Cathy Smith is an Australian architect, interior designer, and academic. With professional and research qualifications and experience in architecture and interior design along with a PhD in architectural theory and history, Smith operates at the theory-practice nexus. She is particularly interested in issues of equity and social agency in the built environment, and her own practice is focused on small scale, low-budget, and temporary DIY (Do It Yourself) installations. As an academic, she has taught in the subject areas of design, history, and theory and construction at several Australian universities, including the University of Newcastle (current), the University of Queensland, and the Queensland University of Technology. She is also the inaugural Turnbull Foundation Women in the Built Environment scholar at the University of New South Wales (2018-2020). Her scholarly research appears in a number of international journals including Australian Feminist Studies, Architectural Histories, Interstices, Architectural Theory Review, and IDEA. In parallel with her recent research on the temporary occupation of vacant commercial buildings by artists and artisans, she participated in the Renew Newcastle property guardianship scheme, which ignited her interest in the benefits and challenges of the phenomenon more broadly.
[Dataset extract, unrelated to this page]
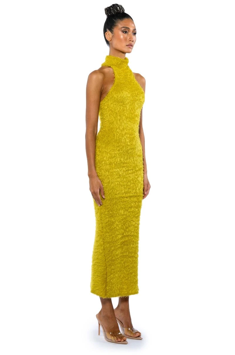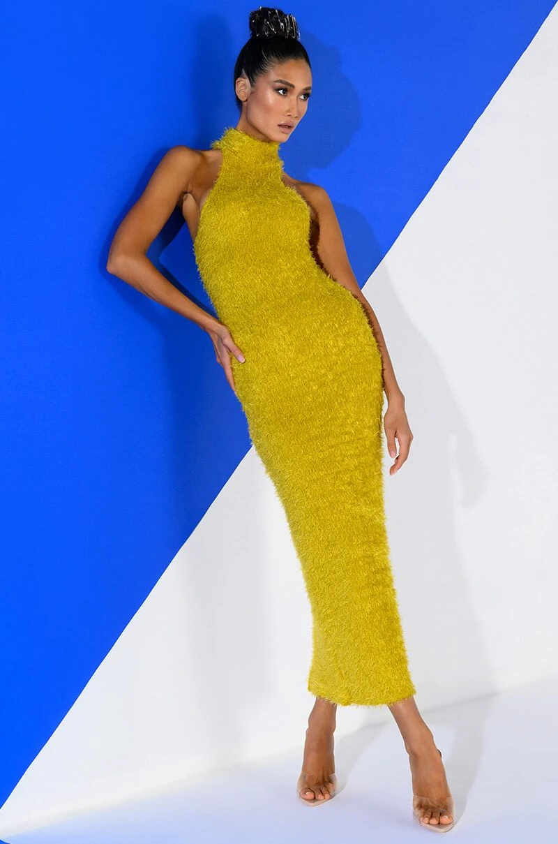 Cozy girl energy! The AKIRA Label On We Go Textured Maxi Dress in Chartreuse is made from a fuzzy, soft knit fabrication and features a halter neckline, a mock neck, a sleeveless silhouette, a sexy bodycon fit,and a maxi length silhouette. Complete with a back slit for mobility and a slip-on fit. Pair with lace-up heels and a shoulder bag to complete your look.

Smith’s interdisciplinary research will develop an ethical and theoretical framework for engaging with the emergent phenomenon of London “property guardianship,” a term used to describe the sanctioned, temporary occupation of vacant commercial and residential buildings in Europe, North America and Australia. This research will focus on the stakeholder experiences of the London “model” of property guardianship by situating them in a broader international and critical scholarly context.

Aleksandr Bierig

Aleksandr Bierig is a PhD candidate studying architectural and urban history at the Harvard GSD. His research focuses on the intersection of architecture, economy, and environment, particularly between the mid-seventeenth and mid-nineteenth centuries in Britain and its empire. This work is concerned with how it came to pass that buildings began to be conceived environmentally—that is, as an interior space of often purified comfort set apart from the threatening vicissitudes of the external world, as well as an instrument that might serve to manage environmental, economic, and social risks. His dissertation investigates the interaction between coal use and architecture in London between the Great Fire of 1666 and the construction of the second London Coal Exchange in 1849. Other recent work includes investigations into the late eighteenth-century English cottage, the early nineteenth-century plantation in the American south, and changing concepts of building ventilation between 1650 and 1850. Prior to his PhD studies, Bierig completed his MArch from Princeton University and his BA in Architecture from Yale University. He has worked for a number of architectural firms in the United States and Europe, and has published articles and essays in Log, Clog, Architectural Record, The Architectural Review, and Pidgin.

During the Richard Rogers Fellowship, Bierig will be advancing his dissertation research, exploring the architectural, infrastructural, and commercial regulations of the eighteenth-century coal trade, including documentation on coal taxation, records of debates on the London Coal Trade, and designs for metropolitan improvements. This work will take place at several archives and institutions, including the London Metropolitan Archives, the National Archives, and the British Museum.